United States v. Caldwell

487 F.3d 304, 2007 U.S. App. LEXIS 11880, 2007 WL 1454359
CourtCourt of Appeals for the Fifth Circuit
DecidedMay 18, 2007
Docket05-41763
StatusPublished
Cited by14 cases

This text of 487 F.3d 304 (United States v. Caldwell) is published on Counsel Stack Legal Research, covering Court of Appeals for the Fifth Circuit primary law. Counsel Stack provides free access to over 12 million legal documents including statutes, case law, regulations, and constitutions.

Bluebook
United States v. Caldwell, 487 F.3d 304, 2007 U.S. App. LEXIS 11880, 2007 WL 1454359 (5th Cir. 2007).

Opinion

JERRY E. SMITH, Circuit Judge:

The district court granted Phillip Bruno and Christopher Caldwell’s joint motion to suppress evidence found pursuant to a search that the court found to have violated the knock-and-announce rule. After this ruling, the Supreme Court held in Hudson v. Michigan, — U.S. -, 126 S.Ct. 2159, 2165, 165 L.Ed.2d 56 (2006), that the exclusionary rule is inapplicable to Fourth Amendment knock-and-announce violations. We consider whether, in light of Hudson, suppression is the remedy for a violation of 18 U.S.C. § 3109’s knock- and-announce requirement. Holding it is not, we reverse and remand.

I.

Drug Enforcement Agency (“DEA”) agents and members of the League City *305 SWAT Team arrived at Caldwell’s residence early one morning to execute a search warrant. One of the SWAT team members knocked loudly on Caldwell’s front door and announced, “Police, search warrant.” About ten seconds after this announcement, two officers at the master bedroom performed a “rake-and-break” maneuver: One broke the window and cleaned it out, and the other pointed a long gun with a light on it through the window and instructed, “Police. Don’t move. Search warrant. Put your hands where I can see them.” Caldwell was in bed with his wife and appeared to have been awakened recently.
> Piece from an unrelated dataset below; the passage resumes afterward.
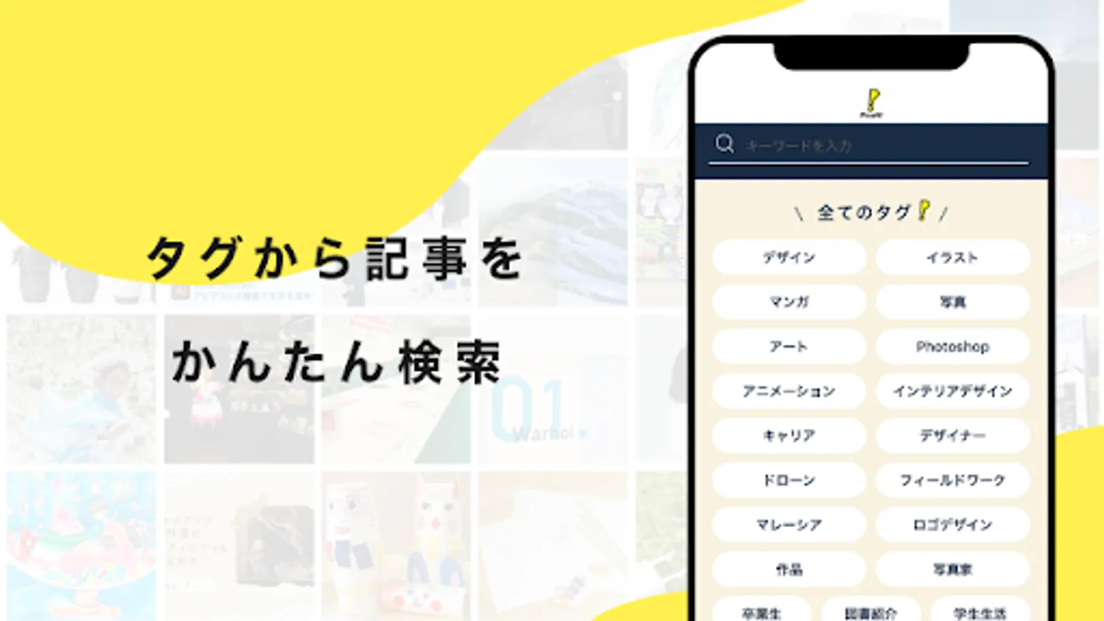 In addition to major categories such as design, illustration, manga, photography, and art, you can search for articles by various tags such as interior design, logo design, architecture, video, and designers.

Approximately 15 to 20 seconds after officers broke the bedroom window, the front-door team tossed a concussion grenade toward the garage as a distraction in case other adults were present, and then broke through the front door. Bruno tried to flee from the garage, but DEA agents caught and arrested him.

Officers recovered a small, loaded handgun from above the headboard on the side of the bed where Caldwell was sleeping, and a loaded shotgun from the master bedroom shower stall. A later search uncovered narcotics and seven other weapons.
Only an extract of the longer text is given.